1. Pool dump with nr_running/nr_idle (added instrumentation):

   pool 10: cpus=2 flags=0x0 hung=201s workers=11 nr_running=1 nr_idle=5

   11 workers, 5 idle, 6 in D-state (all irqfd_shutdown) -- yet
   nr_running=1. No worker is actually running on CPU 2.

2. NMI backtrace confirms CPU 2 is completely idle:

   NMI backtrace for cpu 2 skipped: idling at intel_idle+0x57/0xa0

   So nr_running=1 is a phantom count -- no worker is running, but
   the pool thinks one is.

3. The first stuck worker (kworker/2:0, PID 33) shows the preemption
   in wq_worker_sleeping:

   kworker/2:0  state:D  Workqueue: kvm-irqfd-cleanup irqfd_shutdown
     __schedule+0x87a/0xd60
     preempt_schedule_irq+0x4a/0x90
     asm_fred_entrypoint_kernel+0x41/0x70
     ___ratelimit+0x1a1/0x1f0            <-- inside pr_info_ratelimited
     wq_worker_sleeping+0x53/0x190       <-- preempted HERE
     schedule+0x30/0xe0
     schedule_preempt_disabled+0x10/0x20
     __mutex_lock+0x413/0xe40
     irqfd_resampler_shutdown+0x53/0x200
     irqfd_shutdown+0xfa/0x190

   This confirms the exact race: a reschedule IPI interrupted
   wq_worker_sleeping() after worker->sleeping was set to 1 but
   before pool->nr_running was decremented. The preemption triggered
   wq_worker_running() which incremented nr_running (1->2), then
   on resume the decrement brought it back to 1 instead of 0.

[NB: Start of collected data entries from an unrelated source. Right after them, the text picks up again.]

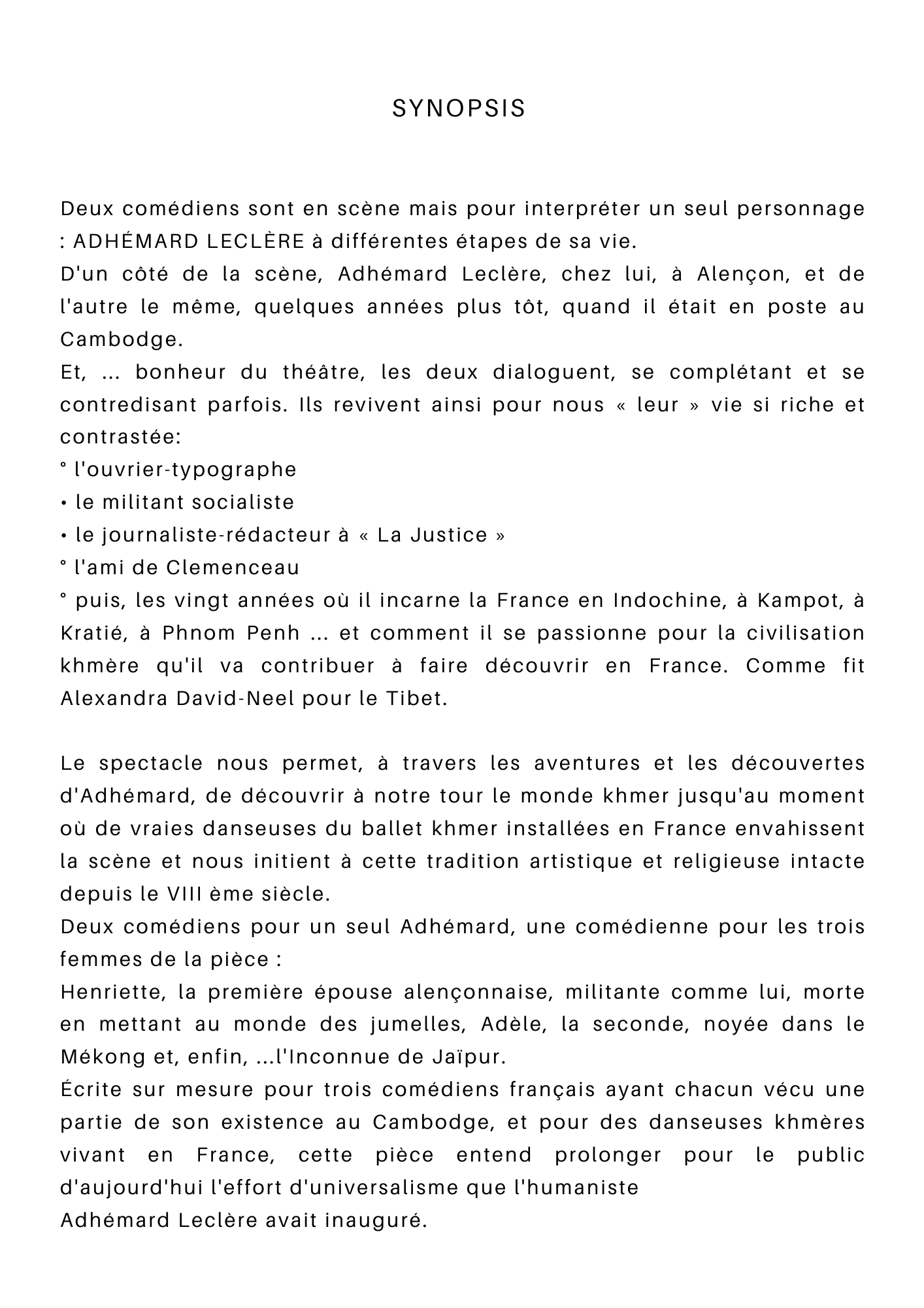 Et, bonheur du théâtre, les deux dialoguent, se complétant et se contredisant parfois. Ils revivent ainsi pour nous « leur » vie si riche et contrastée: l’ouvrier-typographe, le militant socialiste, le journaliste-rédacteur à « La Justice », ‘ami de Clemenceau puis, les vingt années où il incarne la France en Indochine, à Kampot, à Kratié, à Phnom Penh … et comment il se passionne pour la civilisation khmère qu’il va contribuer à faire découvrir en France. Comme fit Alexandra David-Neel pour le Tibet.
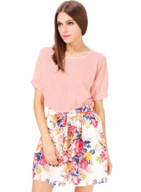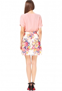 Ծաղկավոր կիսաշրջազգեստով, հասարակ, կարճ, կոնքային հատվածում ծաղկային կտորից գոտիով շրջազգեստ:
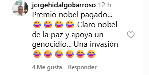 Las críticas también adoptaron un tono político y de burla, especialmente en referencia al Premio Nobel de la Paz que ganó la opositora, reflejando el contexto de polarización política: «La Guasona Nobel de la Guerra y la Invasión. Ahí ta!» y «Premio nobel pagado… Claro nobel de la paz y apoya un genocidio… Una invasión». Para finalizar, algunos usuarios recurrieron al humor religioso en alusión a las recientes canonizaciones de los dos santos venezolanos: «Dios nos bendiga y proteja de esa maldad!» y «Menos mal que ahora tenemos dos Santos para que nos protejan de todo mal».
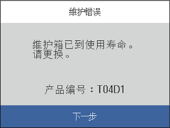 显示以下屏幕时,用户无法自行更换。请联系爱普生认证服务机构。
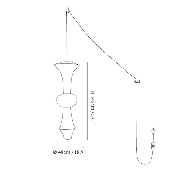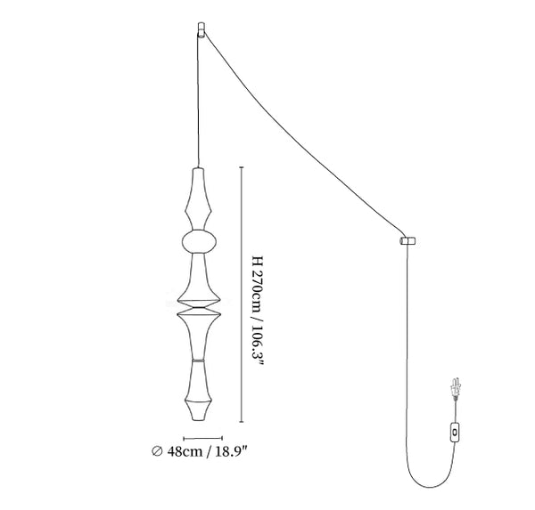 Größe : Durchmesser 48 cm x H 270 cm / ∅ 18,9″ x H 106,3″ (E27-Glühbirnen: 5 Stück , 2 Haken )
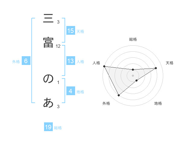 三富 のあさんの天格は15画の4点!
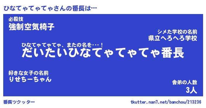 | ヒーロー風カッコイイあだ名 | 『スーパーヒナテャテャテャ』 |
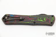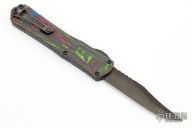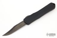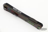 This Manticore-X by Heretic Knives features a black DLC bowie blade with notched thumbrest. The handle has a black aluminum frame with 80's camo carbon fiber back cover, black stainless steel hardware and black tip down clip, and titanium thumbslide. Comes with original box, papers and sample tube of OTF Lube. S/N 023. Excellent condition.
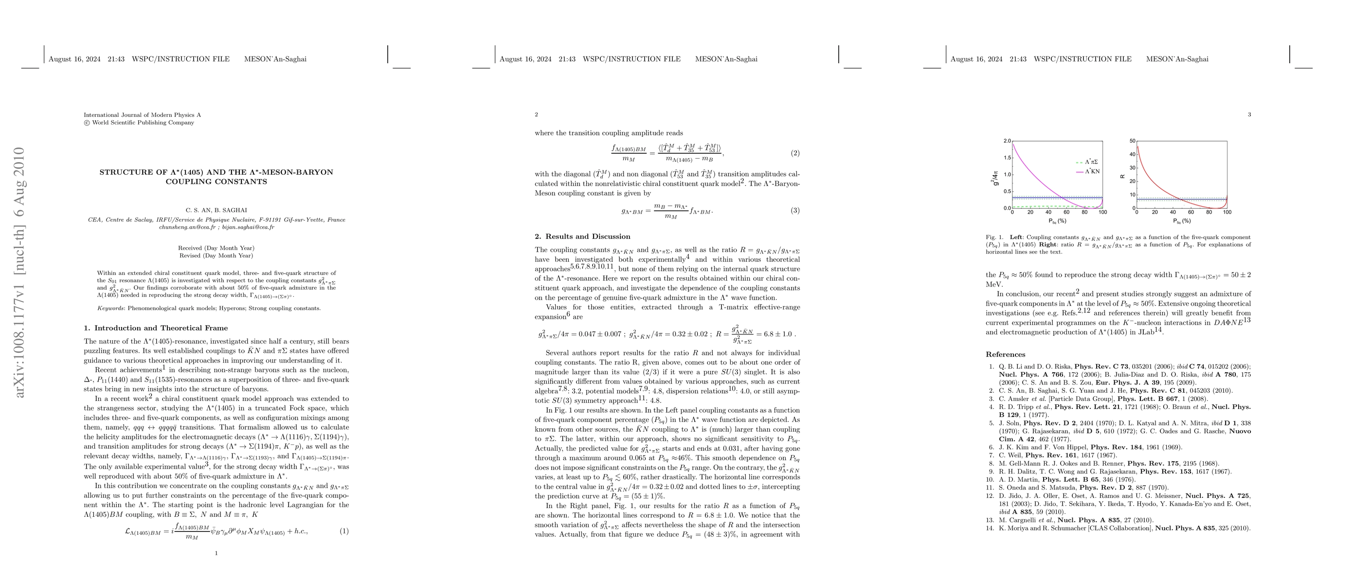This paper investigates the $\Lambda(1405)$ resonance within an extended chiral constituent quark model, finding a significant five-quark structure (about 50%) that matches the observed strong decay width, $\Gamma_{\Lambda(1405)\to (\Sigma \pi)^\circ}$. The study also examines the $\lambda^*$-meson-baryon coupling constants.
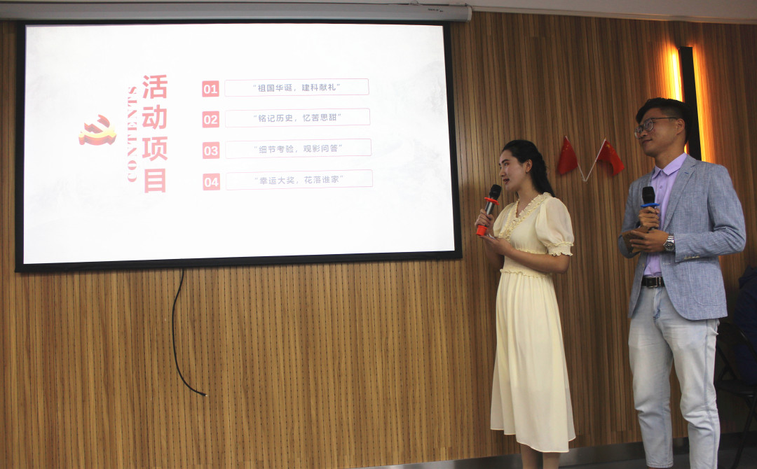活动伊始,主持人介绍了本次活动的具体内容:分为“祖国华诞,建科献礼”、“铭记历史,忆苦思甜”、“细节考验,观影问答”、“幸运大奖,花落谁家”四个环节。活动第一枪在“你的笑容我来守护”的视频播放中被打响,视频里每一张笑脸,每一声祝福,都承载着建科学子对祖国深切的爱意,展现了全体建科学子团结一致的精神面貌。
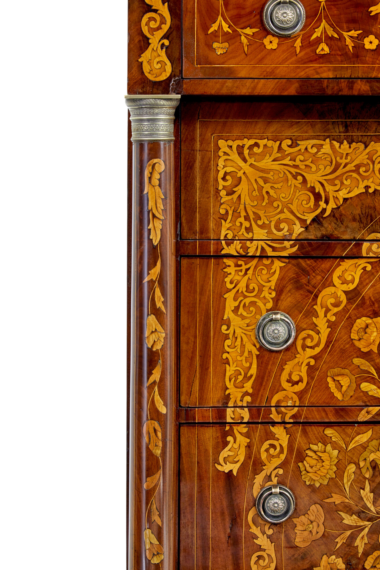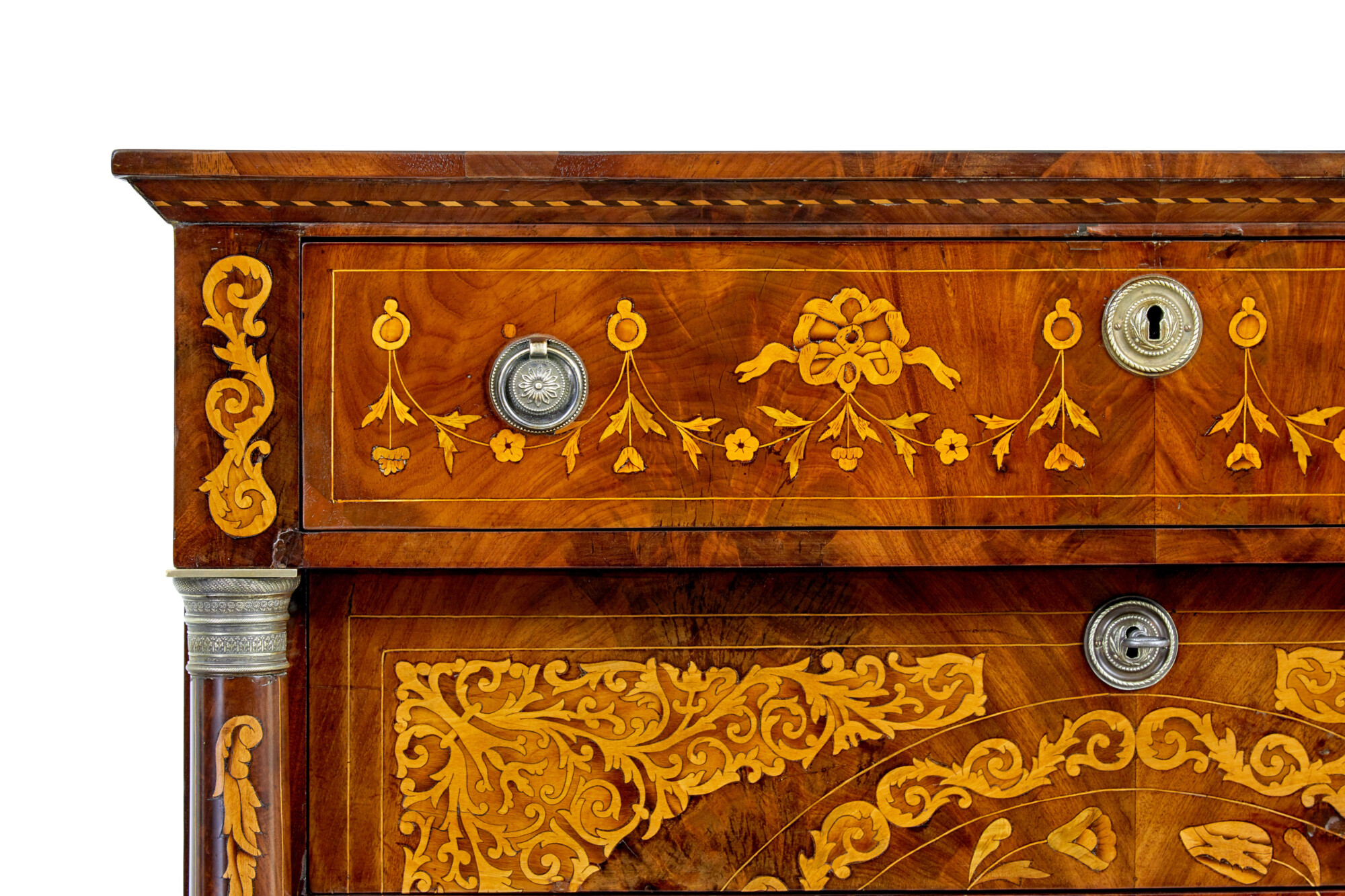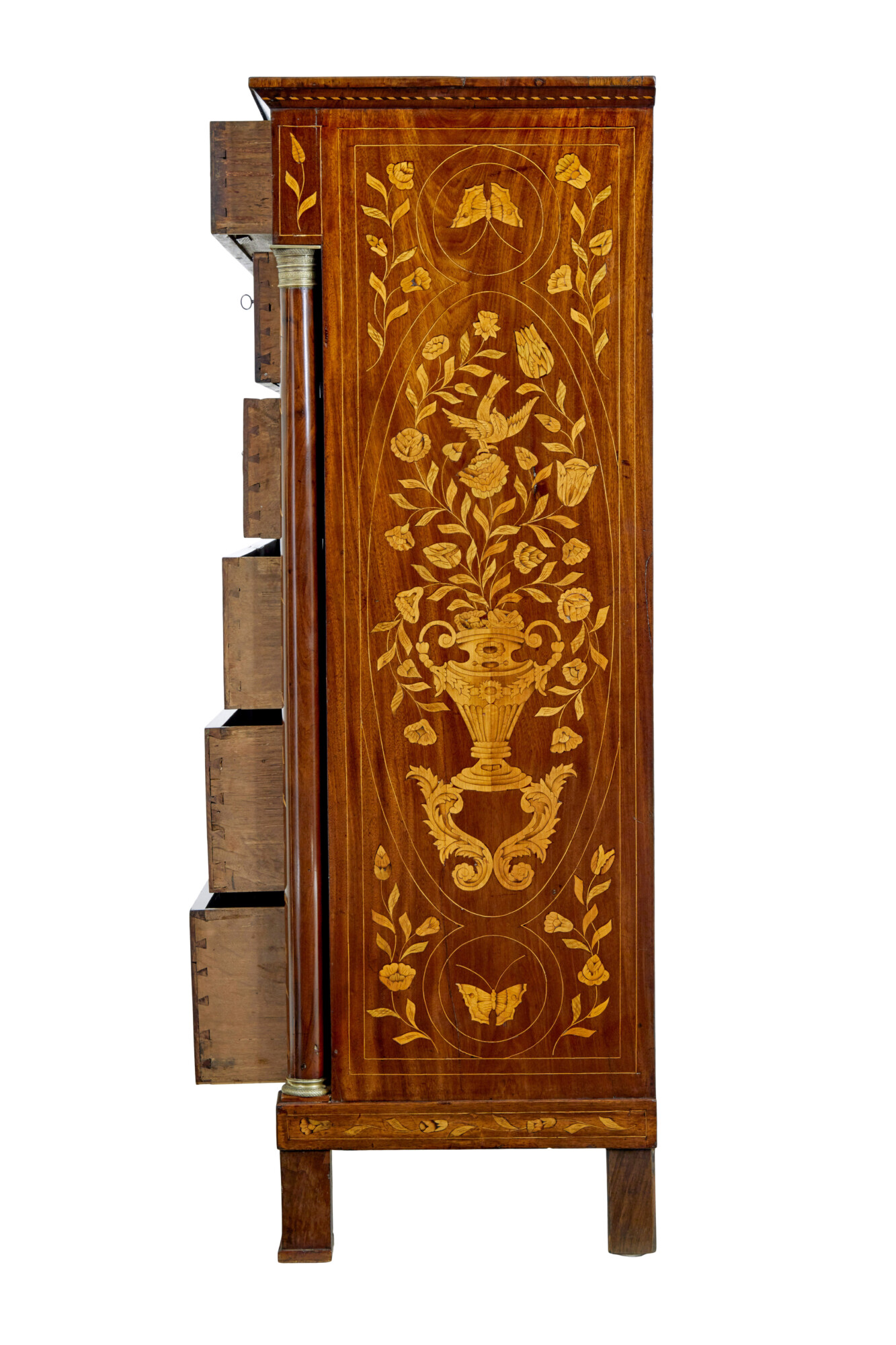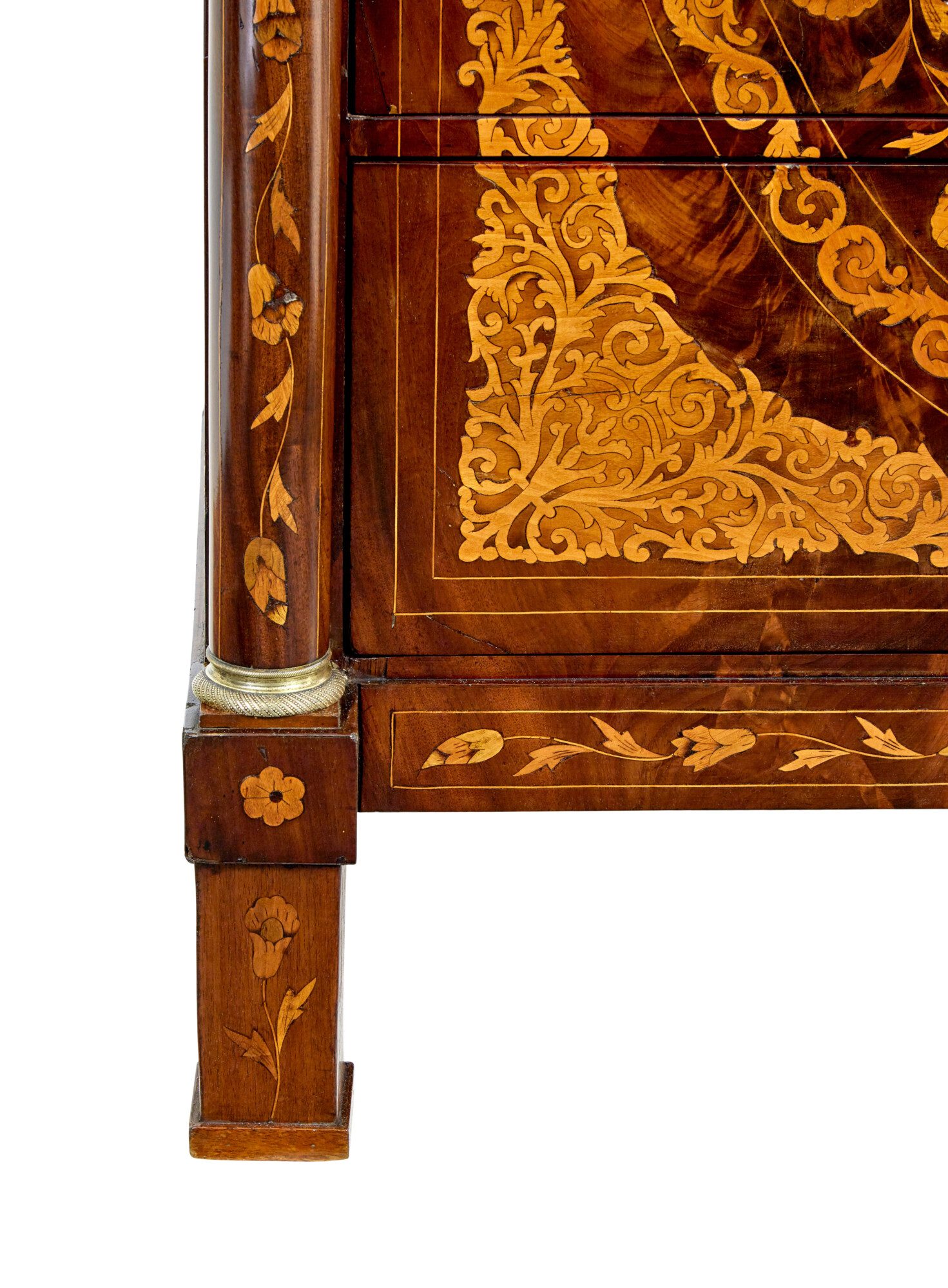 19TH CENTURY FRENCH INLAID MAHOGANY 6-DRAWER INLAID CHEST, CIRCA 1830.

4. The second pool dump 31 seconds later shows the stall is permanent:

   pool 10: cpus=2 flags=0x0 hung=232s workers=11 nr_running=1 nr_idle=5

   Same phantom nr_running=1, hung time growing.

5. The deadlock chain:
   - PID 33: holds resampler_lock mutex, stuck in wq_worker_sleeping
   - PID 520: past mutex, stuck in synchronize_srcu_expedited
   - PIDs 120, 4792, 4793, 4796: waiting on resampler_lock mutex
   - crosvm_vcpu2: waiting in kvm_vm_release -> __flush_workqueue
   - init (PID 1): stuck in pci_device_shutdown -> __flush_work
   - Multiple userspace processes stuck in fsnotify_destroy_group
   - Reboot thread timed out, system triggered sysrq crash

6. kick_pool_skip debug print fired for other pools but NOT for
   pool 10 -- because need_more_worker() was never true (nr_running
   was never 0), so kick_pool() was never even called for this pool.

Regarding a fix, we can consider a workqueue-level fix in 
wq_worker_sleeping() itself:

  void wq_worker_sleeping(struct task_struct *task)
  {
      ...
      if (READ_ONCE(worker->sleeping))
          return;

  +   preempt_disable();
      WRITE_ONCE(worker->sleeping, 1);
      raw_spin_lock_irq(&pool->lock);

      if (worker->flags & WORKER_NOT_RUNNING) {
          raw_spin_unlock_irq(&pool->lock);
  +       preempt_enable();
          return;
      }

      pool->nr_running--;
      if (kick_pool(pool))
          worker->current_pwq->stats[PWQ_STAT_CM_WAKEUP]++;

      raw_spin_unlock_irq(&pool->lock);
  +   preempt_enable();
  }

The idea is to disable preemption from sleeping=1 until we hold the pool
lock (which disables IRQs). This prevents the reschedule IPI from
triggering preempt_schedule_irq() in this window. Note that
wq_worker_running() already uses preempt_disable/enable around its
nr_running++ for a similar race against unbind_workers().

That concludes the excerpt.